▸ **AIM OF THE EXERCISE**
Copy all data exactly. Skip pictures.

▸ **DATA EXTRACT**
· · · ·

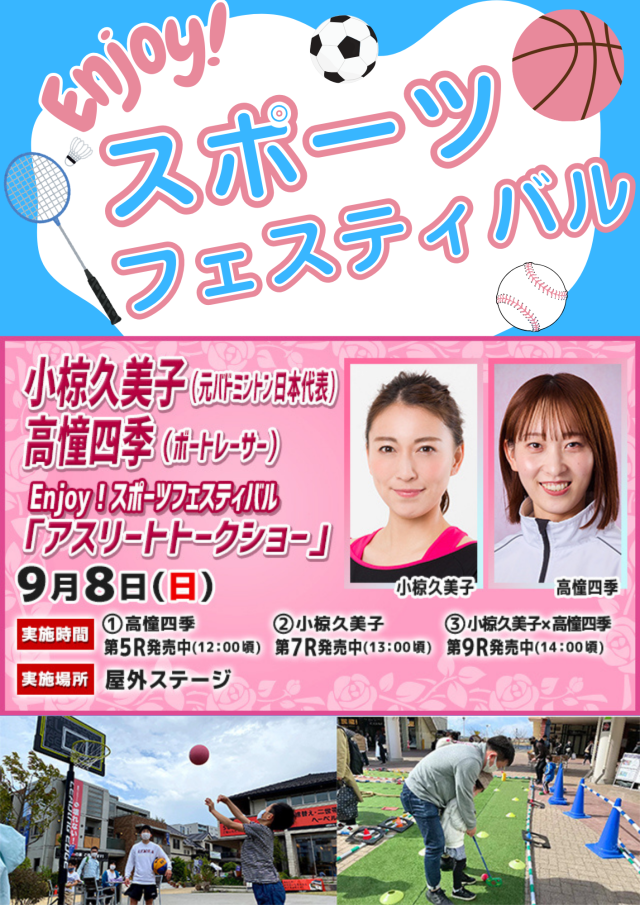 元バトミントン日本代表の小椋久美子やボートレーサーの高憧四季によるトークショーを実施。
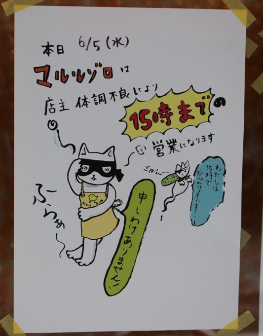 マルルゾロさん、木曜でもないのにお店が閉まっているのでびっくりしたら、こんな貼り紙がありました。
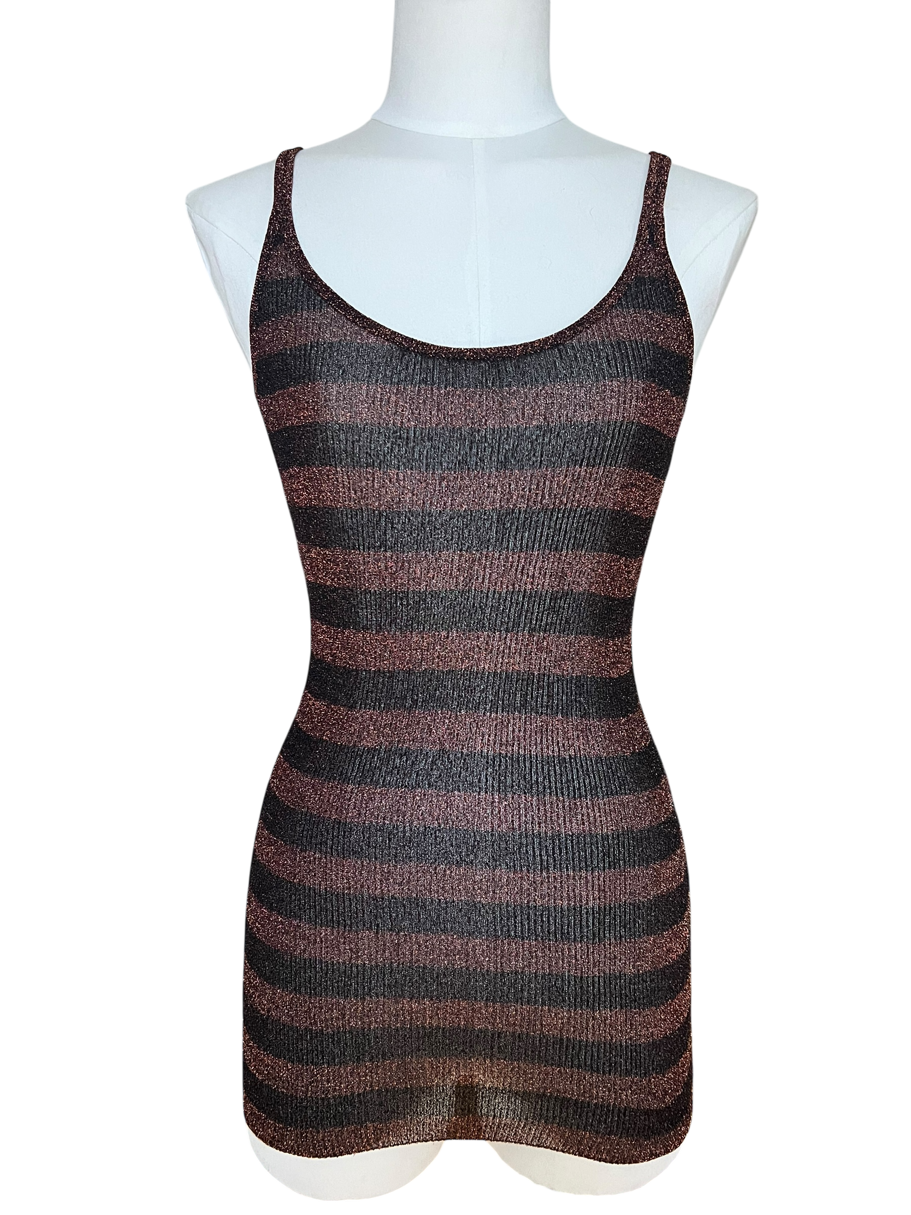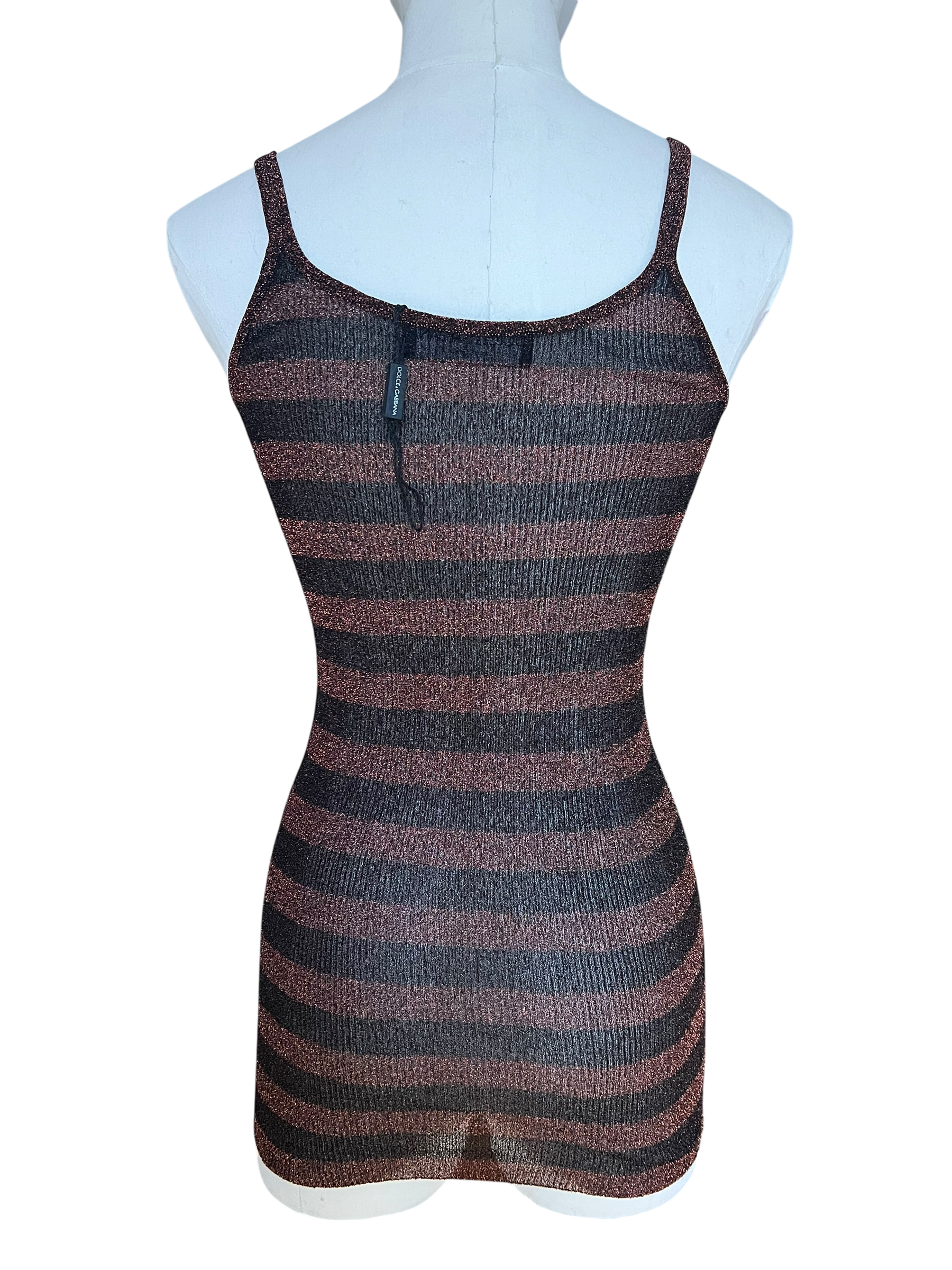 Dolce & Gabbana SS 2005 lurex tank top featuring bold horizontal stripes in shimmering bronze and deep charcoal tones. The fitted silhouette and scoop neckline enhance the body, while the metallic knit adds a subtle yet striking glow

· · · ·

▸ **TASK RESULT**
 元バトミントン日本代表の小椋久美子やボートレーサーの高憧四季によるトークショーを実施。
 マルルゾロさん、木曜でもないのにお店が閉まっているのでびっくりしたら、こんな貼り紙がありました。
 Dolce & Gabbana SS 2005 lurex tank top featuring bold horizontal stripes in shimmering bronze and deep charcoal tones. The fitted silhouette and scoop neckline enhance the body, while the metallic knit adds a subtle yet striking glow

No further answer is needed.